- **Information provided**:
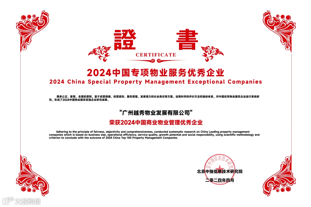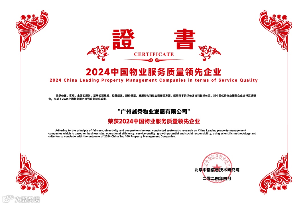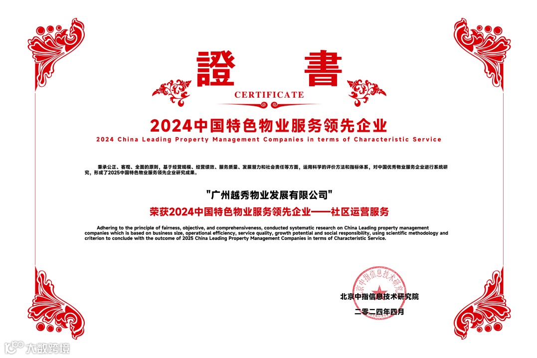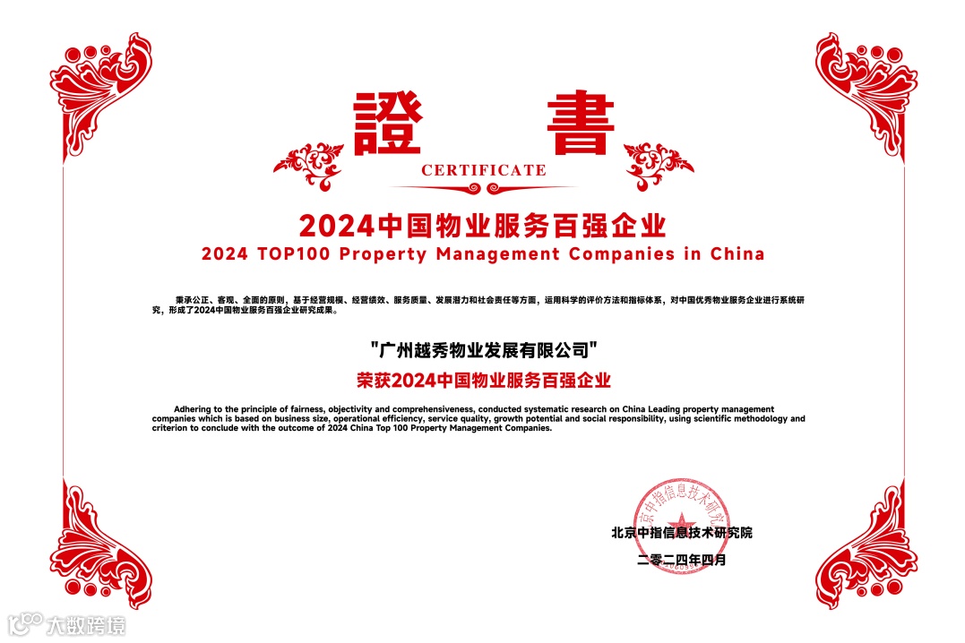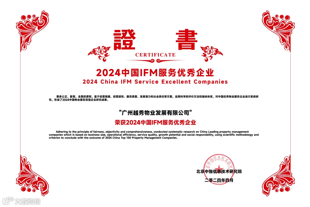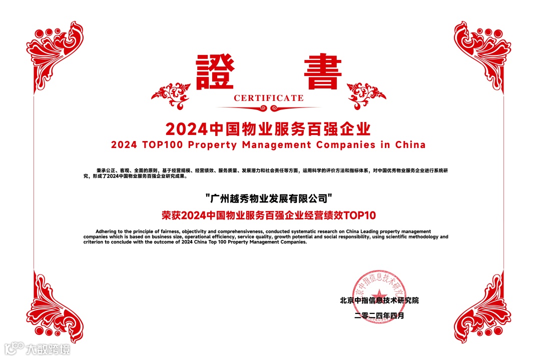 越秀服务凭借稳健的业绩增长、卓越的服务品质和强劲的综合实力,再度收获行业与市场的高度认可,荣膺“2024中国物业服务百强企业TOP12”等11个奖项。
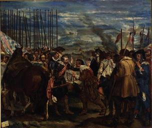 | Keywords: La rendición de Breda (Real Academia de Bellas Artes de San Fernando).jpg Artwork Creator Alejandrina Gessler y Lacroix Esta obra es una copia del cuadro de La Rendición de Breda que fue pintado por Diego Velázquez en la década de 1630 y que se conserva en el madrileño Museo del Prado 1872 oil on canvas Size cm 98 81 Institution Real Academia de Bellas Artes de San Fernando http //ceres mcu es/pages/Main accession number 0415 http //ceres mcu es/pages/Main PD-old-100 La rendición de Breda Paintings after Diego Velázquez Alejandrina Gessler y Lacroix 19th-century paintings in the Royal Academy of Fine Arts of San Fernando 1872 paintings in Spain |
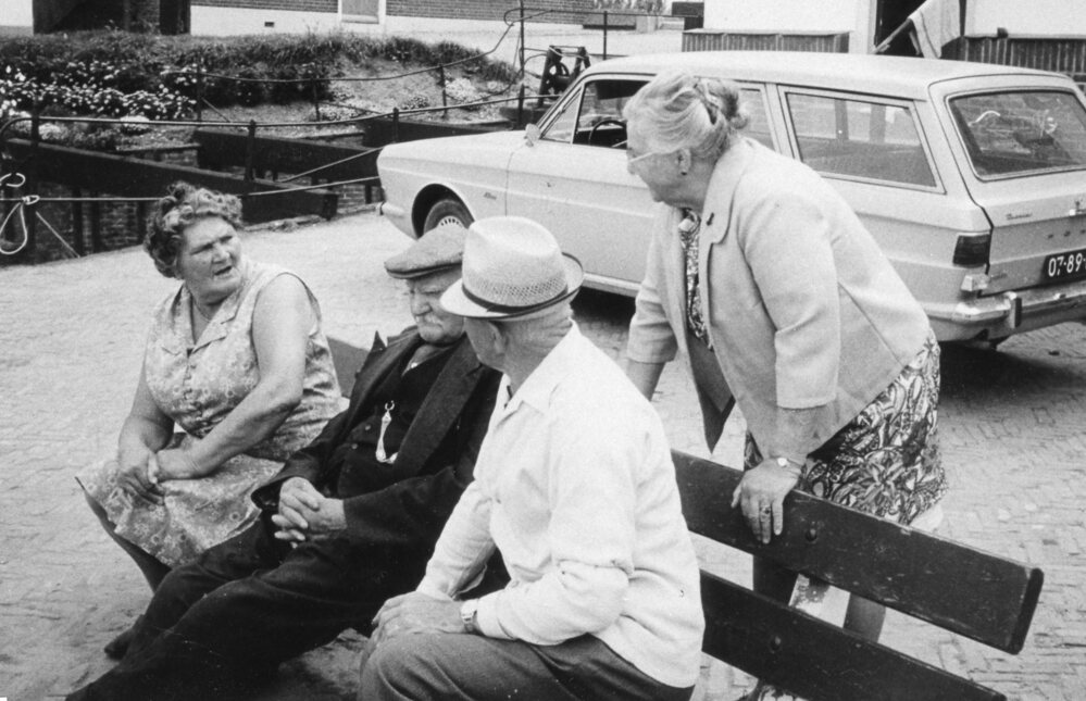 Personen rond bankje op de kade voor zeilmakerij
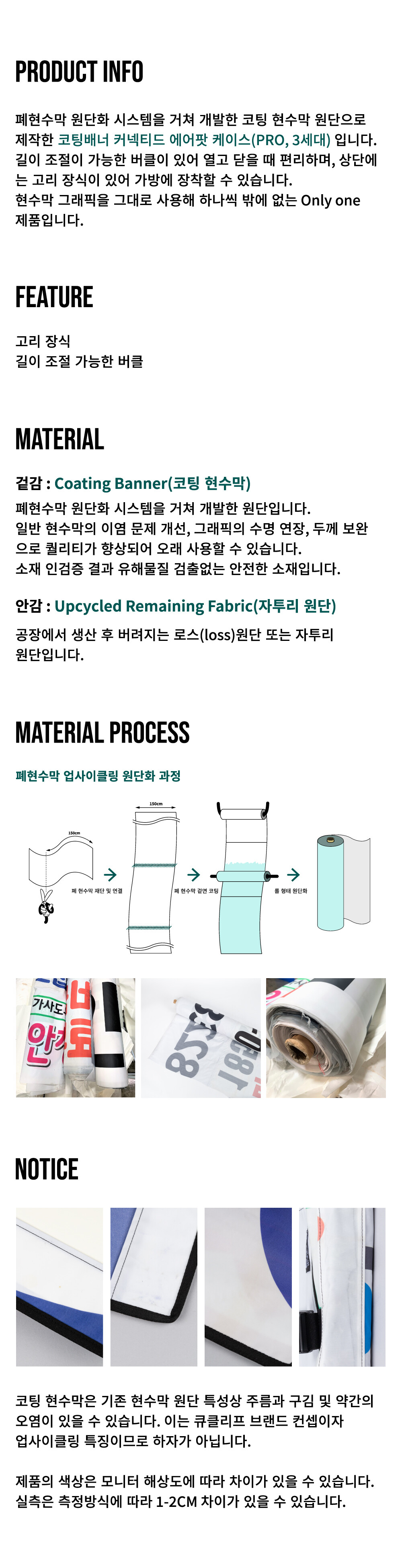 - 업사이클 특성상 스크래치, 올풀림, 구김 등이 있을 수 있습니다.

- **What is being asked**: Please print the entire listing again exactly, minus its images.

- **Task answer**:
 越秀服务凭借稳健的业绩增长、卓越的服务品质和强劲的综合实力,再度收获行业与市场的高度认可,荣膺“2024中国物业服务百强企业TOP12”等11个奖项。
 | Keywords: La rendición de Breda (Real Academia de Bellas Artes de San Fernando).jpg Artwork Creator Alejandrina Gessler y Lacroix Esta obra es una copia del cuadro de La Rendición de Breda que fue pintado por Diego Velázquez en la década de 1630 y que se conserva en el madrileño Museo del Prado 1872 oil on canvas Size cm 98 81 Institution Real Academia de Bellas Artes de San Fernando http //ceres mcu es/pages/Main accession number 0415 http //ceres mcu es/pages/Main PD-old-100 La rendición de Breda Paintings after Diego Velázquez Alejandrina Gessler y Lacroix 19th-century paintings in the Royal Academy of Fine Arts of San Fernando 1872 paintings in Spain |
 Personen rond bankje op de kade voor zeilmakerij
 - 업사이클 특성상 스크래치, 올풀림, 구김 등이 있을 수 있습니다.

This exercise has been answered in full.